## [What you will do]
Retype, please, the listing from its opening line through the line that contains "铝合金地板采用高压压铸工艺,铝锭熔化后,经高压压铸机一次", both included, without the pictures.

## [Provided data]
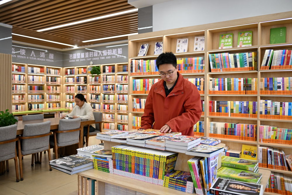 2025年3月25日,居民在雄安新区容西片区贤溪社区XIN空间公益图书馆挑选书籍。
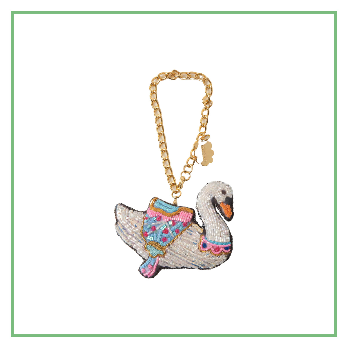 物語に登場するスワンをビーズ刺繍で繊細に表現。取り外し可能なモチーフはブローチとしても楽しめる。
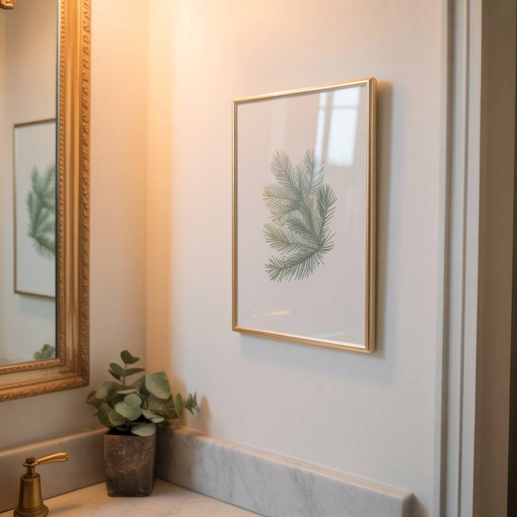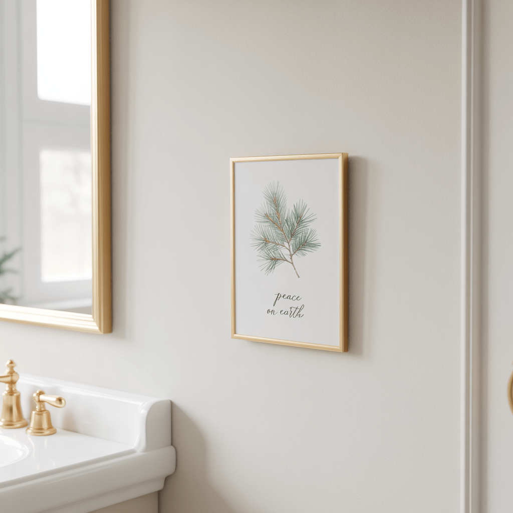 EverWinter Mini Christmas Printsmall 5×7 print with soft pine and gold highlights, perfect for a tiny bathroom wall.
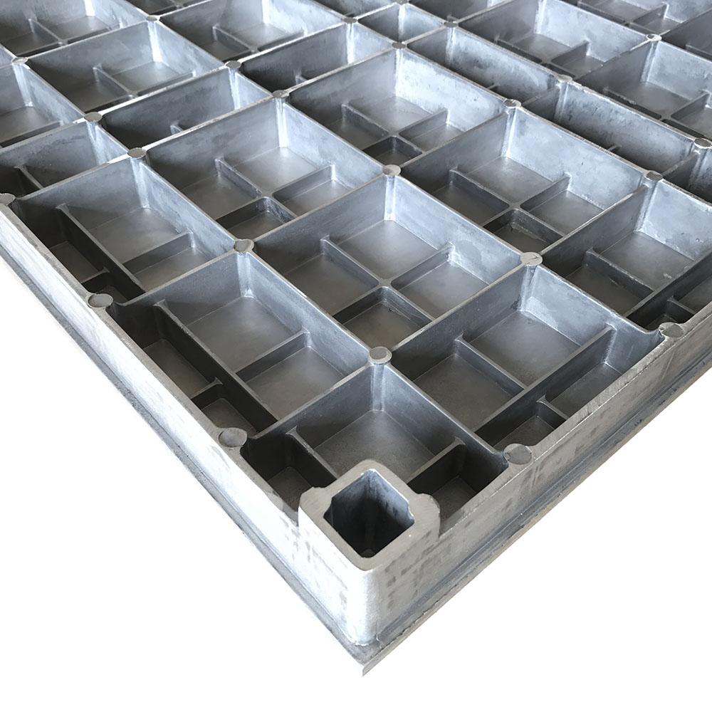 铝合金地板采用高压压铸工艺,铝锭熔化后,经高压压铸机一次性真空压铸成形,融合了铝合金耐腐蚀的特性,地板表面可根据需要进行环氧树脂喷粉或镍铬电镀,从而表面达到柔光、防腐、耐磨效果。
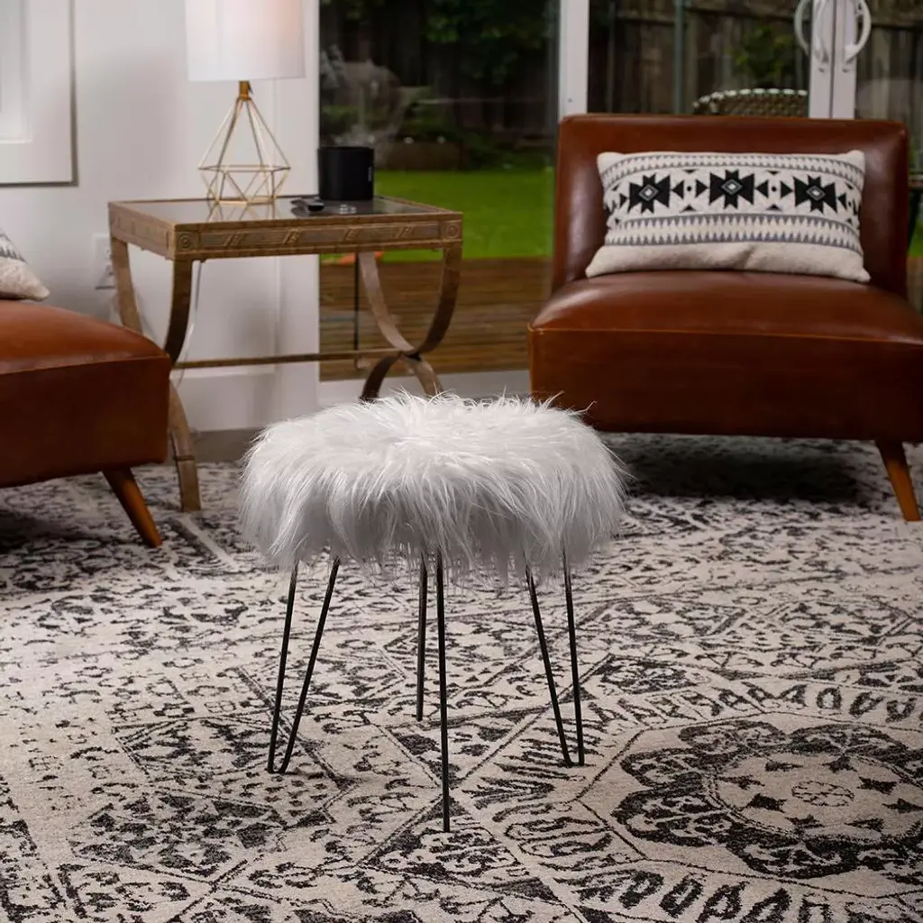 The BirdRock Home Round Faux Fur Ottoman is the perfect addition to your living room, bedroom or bathroom! Pair with your favorite couch or chair to make them even more comfortable while you read, watch tv, play games, visit, or nap! It also works great for bathroom or bedroom vanities. The beautiful faux fur design adds a luxurious look to your home while providing a functional piece of furniture. It's the perfect solution to add extra seating. The lightweight design allows you to easily move the footstool whenever needed. The footrest is also great seating for kids who often love being near the floor playing! They also provide a great spot for kids to sit while playing video games, watching tv or reading. Once they are done using them easily move them into a closet or in the corner of the room!

## [Answer section]
 2025年3月25日,居民在雄安新区容西片区贤溪社区XIN空间公益图书馆挑选书籍。
 物語に登場するスワンをビーズ刺繍で繊細に表現。取り外し可能なモチーフはブローチとしても楽しめる。
 EverWinter Mini Christmas Printsmall 5×7 print with soft pine and gold highlights, perfect for a tiny bathroom wall.
 铝合金地板采用高压压铸工艺,铝锭熔化后,经高压压铸机一次性真空压铸成形,融合了铝合金耐腐蚀的特性,地板表面可根据需要进行环氧树脂喷粉或镍铬电镀,从而表面达到柔光、防腐、耐磨效果。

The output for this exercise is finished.